Goal of the exercise - When copying the data below, keep only the lines from the one with "2 เม.ย. 58 –" through the one with "Op de Airbus", word for word, and skip the pictures.

Extracted material -
....................
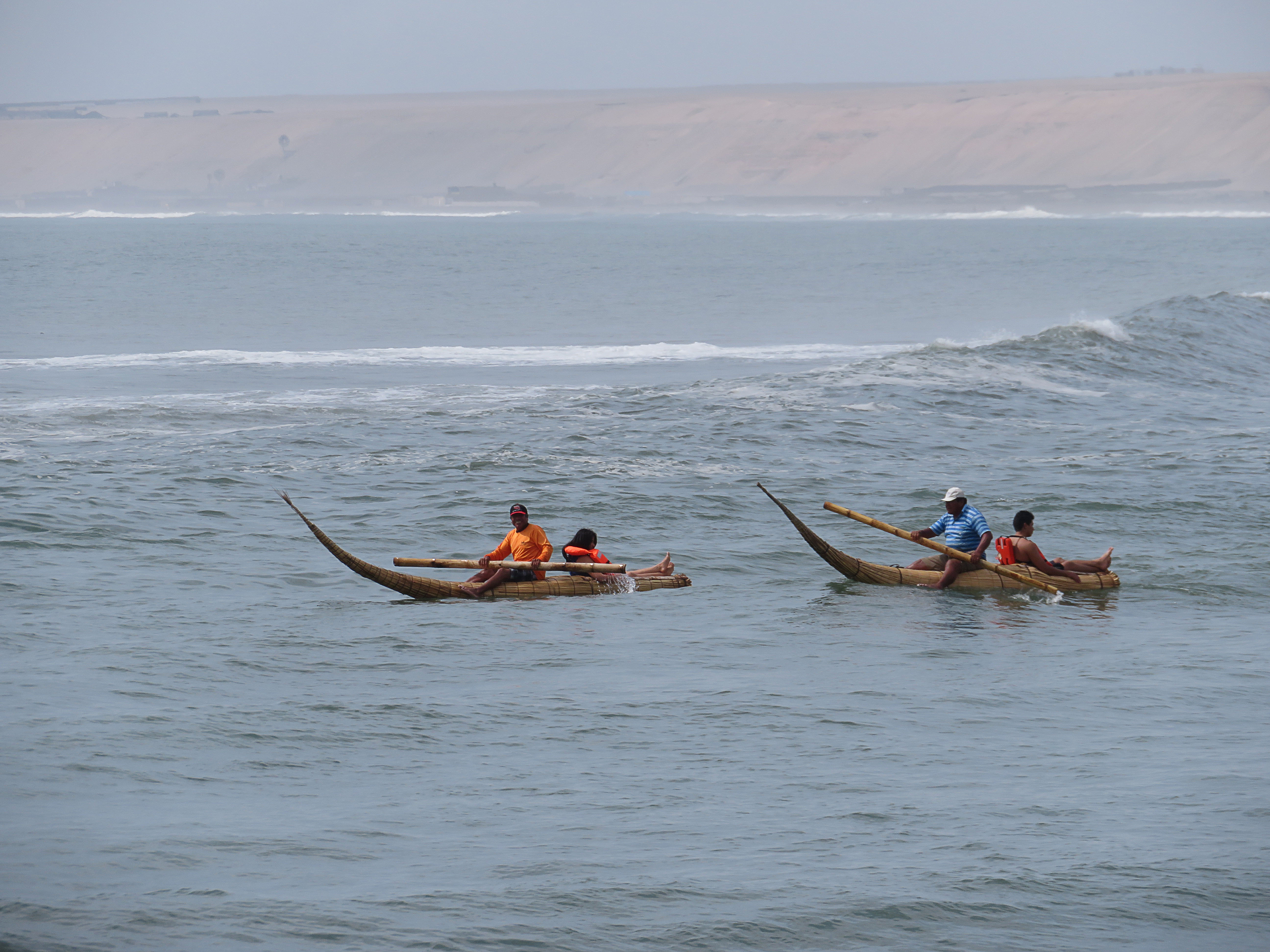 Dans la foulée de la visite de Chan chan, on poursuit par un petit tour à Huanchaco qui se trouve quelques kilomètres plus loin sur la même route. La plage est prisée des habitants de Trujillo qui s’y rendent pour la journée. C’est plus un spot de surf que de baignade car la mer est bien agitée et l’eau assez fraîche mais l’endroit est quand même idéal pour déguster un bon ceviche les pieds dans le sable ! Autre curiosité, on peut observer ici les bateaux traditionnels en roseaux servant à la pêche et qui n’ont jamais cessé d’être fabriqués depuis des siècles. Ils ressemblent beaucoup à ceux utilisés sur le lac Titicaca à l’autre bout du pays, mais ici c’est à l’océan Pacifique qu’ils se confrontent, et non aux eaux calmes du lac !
....................
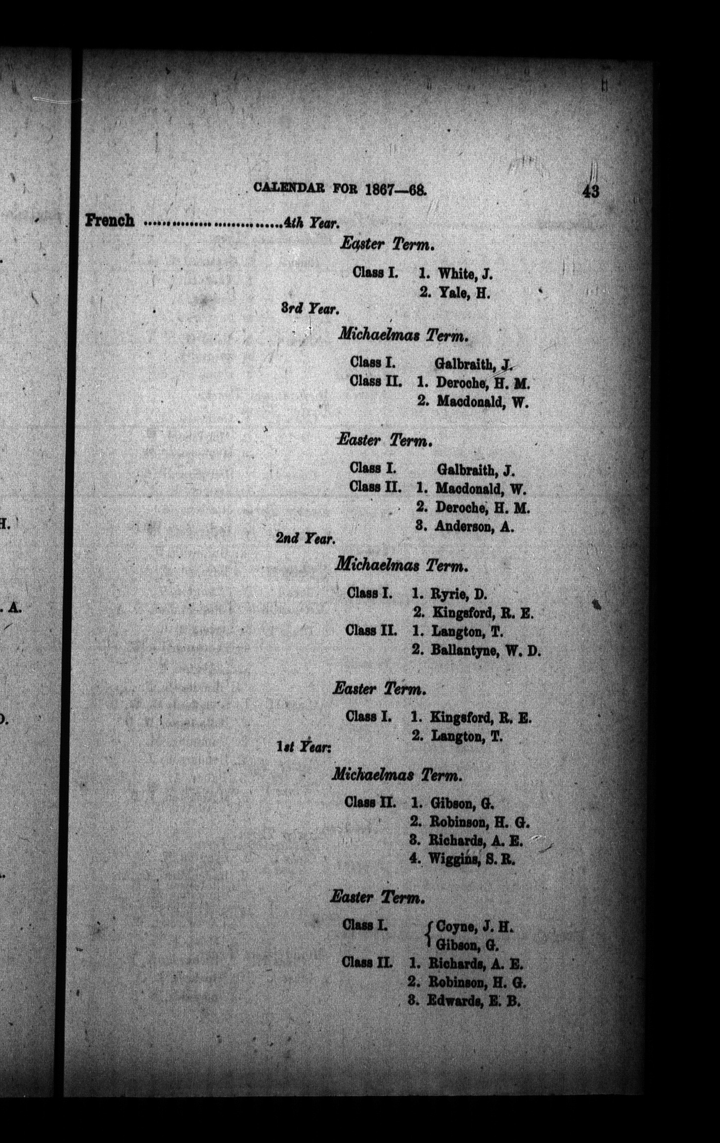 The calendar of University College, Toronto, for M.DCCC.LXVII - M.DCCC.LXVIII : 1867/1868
....................
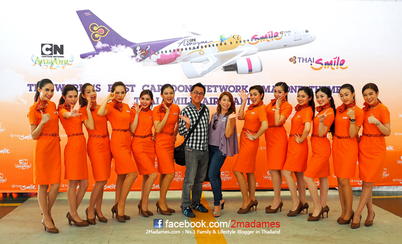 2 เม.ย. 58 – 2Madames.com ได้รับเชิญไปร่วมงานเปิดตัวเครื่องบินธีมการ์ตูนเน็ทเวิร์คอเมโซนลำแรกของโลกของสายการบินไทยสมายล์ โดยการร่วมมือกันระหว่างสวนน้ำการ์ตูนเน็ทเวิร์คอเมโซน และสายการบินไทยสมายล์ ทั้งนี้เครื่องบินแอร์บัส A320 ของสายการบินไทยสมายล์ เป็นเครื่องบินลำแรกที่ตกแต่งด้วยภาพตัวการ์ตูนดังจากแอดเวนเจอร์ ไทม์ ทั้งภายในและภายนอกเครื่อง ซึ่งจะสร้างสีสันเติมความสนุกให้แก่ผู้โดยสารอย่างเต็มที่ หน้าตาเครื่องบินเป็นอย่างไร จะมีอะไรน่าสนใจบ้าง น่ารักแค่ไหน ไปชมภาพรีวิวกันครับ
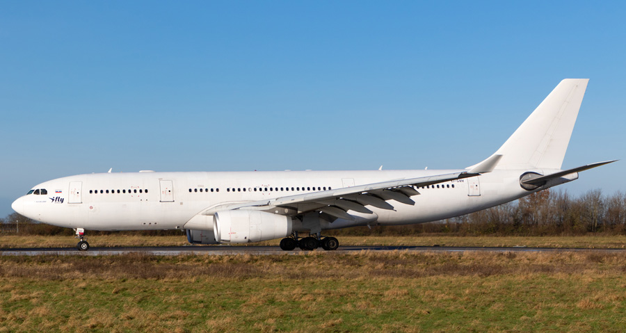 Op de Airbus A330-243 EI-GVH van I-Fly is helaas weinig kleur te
....................
Exercise result -
 2 เม.ย. 58 – 2Madames.com ได้รับเชิญไปร่วมงานเปิดตัวเครื่องบินธีมการ์ตูนเน็ทเวิร์คอเมโซนลำแรกของโลกของสายการบินไทยสมายล์ โดยการร่วมมือกันระหว่างสวนน้ำการ์ตูนเน็ทเวิร์คอเมโซน และสายการบินไทยสมายล์ ทั้งนี้เครื่องบินแอร์บัส A320 ของสายการบินไทยสมายล์ เป็นเครื่องบินลำแรกที่ตกแต่งด้วยภาพตัวการ์ตูนดังจากแอดเวนเจอร์ ไทม์ ทั้งภายในและภายนอกเครื่อง ซึ่งจะสร้างสีสันเติมความสนุกให้แก่ผู้โดยสารอย่างเต็มที่ หน้าตาเครื่องบินเป็นอย่างไร จะมีอะไรน่าสนใจบ้าง น่ารักแค่ไหน ไปชมภาพรีวิวกันครับ
 Op de Airbus A330-243 EI-GVH van I-Fly is helaas weinig kleur te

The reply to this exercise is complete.